Kepemimpinan kepala sekolah sangat erat kaitannya dengan kemampuan mengajar guru  dan motivasi belajar siswa bahkan sangat berkaitan dengan mutu lulusan. Dapat dikatakan bahwa kualitas mutu lulusan suatu sekolah sangat dipengaruhi oleh kualitas manajemen pengelolaan sekolah.  “Kepala sekolah bertanggungjawab atas penyelengaraan kegiatan pendidikan, administrasi sekolah, pembinaan tenaga kependidikan lainnya, dan pendayagunaan serta pemeliharaan sarana dan prasarana” Mulyasa (2009:25). Mengingat sedemikian kompleksnya tuntutan tugas kepala sekolah, menghendaki adanya dukungan dari guru dalam rangka mewujudkan visi dan misi yang telah ditentukan oleh sekolah, untuk itu diperlukan kepemimpinan transformasional kepala sekolah, hal ini sejalan dengan pendapat Danim dan Suparno (2009:51) menyatakan “Kepemimpinan transformasional diyakini akan mampu menjawab restrukturisasi sekolah secara kekinian”.
Kepala sekolah disibukkan dengan pekerjaan rutin yang bersifat administratif, pertemuan-pertemuan dan kegiatan-kegiatan lain yang bersifat non-akademis sehingga bidang akademisnya kurang mendapat perhatian.  Setiap guru pada prinsipnya memiliki potensi yang cukup tinggi untuk berkreasi meningkatkan kemampuan mengajarnya. Namun potensi itu tidak selalu berkembang secara wajar disebabkan adanya pengaruh dari berbagai faktor baik yang muncul dalam pribadi guru itu sendiri (intern) maupun faktor dari luar (ekstern) seperti supervisi akademik dan kepemimpinan transformasional sebagai mana diuraikan di atas. Tidak dapat dipungkiri bahwa kondisi di lapangan mencerminkan keadaan guru yang tidak sesuai dengan harapan.
Kepala sekolah sebagai pemimpin adalah sebagai subjek yang harus melakukan transformasi kepemimpinan di sekolah, melalui pemberian bimbingan, tuntunan atau anjuran kepada seluruh komponen yang ada di sekolah agar tujuan sekolah dapat tercapai. Kepemimpinan transformasional yang diterapkan oleh kepala sekolah merupakan gaya kepemimpinan yang mengutamakan pemberian kesempatan dan memotivasi semua unsur yang ada di sekolah untuk bekerja atas dasar sistem nilai yang luhur sehingga semua unsur yang ada di sekolah (guru, siswa, staf TU, komite sekolah orang tua siswa, masyarakat ) bersedia, tanpa paksaan, berpartisipasi secara optimal, dan berbuat lebih dari apa yang sesungguhnya diharapkan dalam rangka mencapai tujuan sekolah.

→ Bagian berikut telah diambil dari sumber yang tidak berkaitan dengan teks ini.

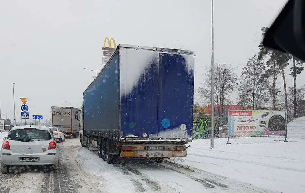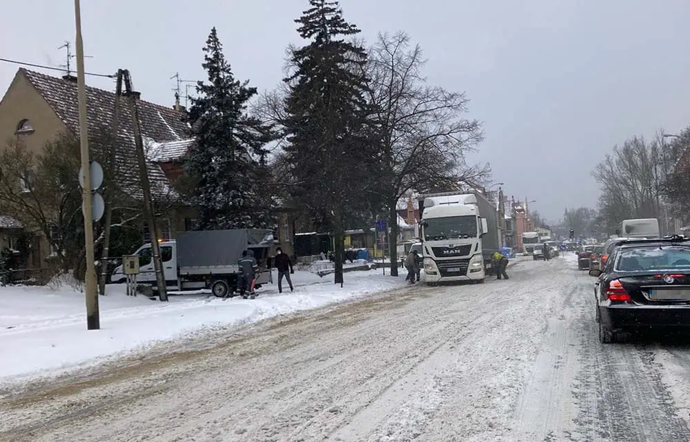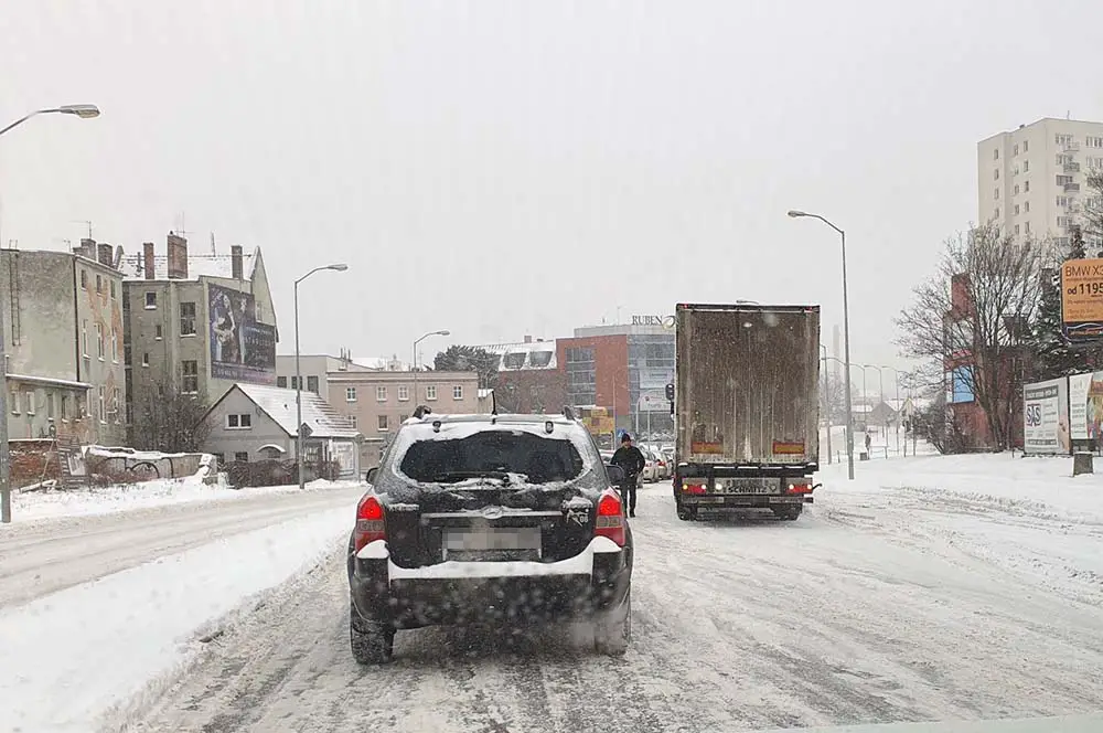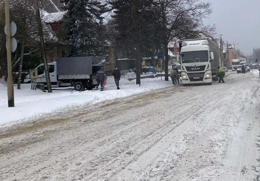 W poniedziałek, 8 lutego, od samego rana pada śnieg. Najpoważniejsze problemy w mieście mają kierowcy samochodów ciężarowych. Na drogach są korki.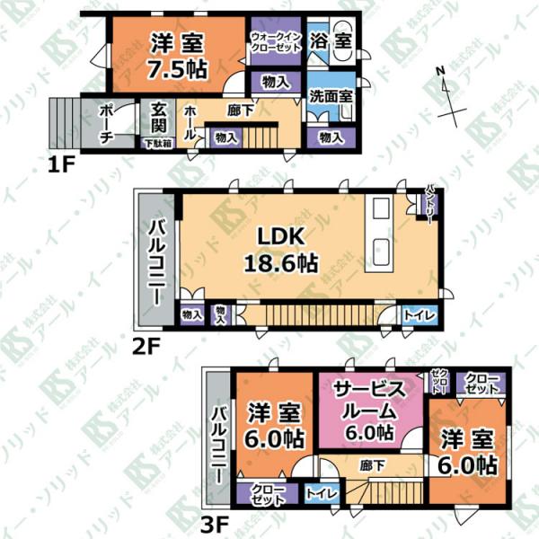 | 間取り詳細 | (洋7.5・LDK18.6・洋6.0・洋6.0・S6.0) |

Dengan demikian sebagai kepala sekolah sebagai pemimpin transformasional harus mampu memotivasi sumberdaya manusia yang ada disekolah agar bersedia bekerja demi sasaran tingkat tinggi yang dianggap melampaui kepentingan sekolah dan dimana segala hal yang diberikan dalam pekerjaan untuk kemajuan sekolah juga. Mereka memiliki teamwoek yang solid dengan warga sekolah yang ditandai dengan mau bertanggung jawab atas kebijaknnya, selalu mau belajar dari pengalaman, berusaha memcahkan masalah secara kreatif, bekerja keras dan disiplin, tidak mudah puas, tahan kritik  dan mampu mengelola pembaruan pada segala aspek kegiatan disekolah.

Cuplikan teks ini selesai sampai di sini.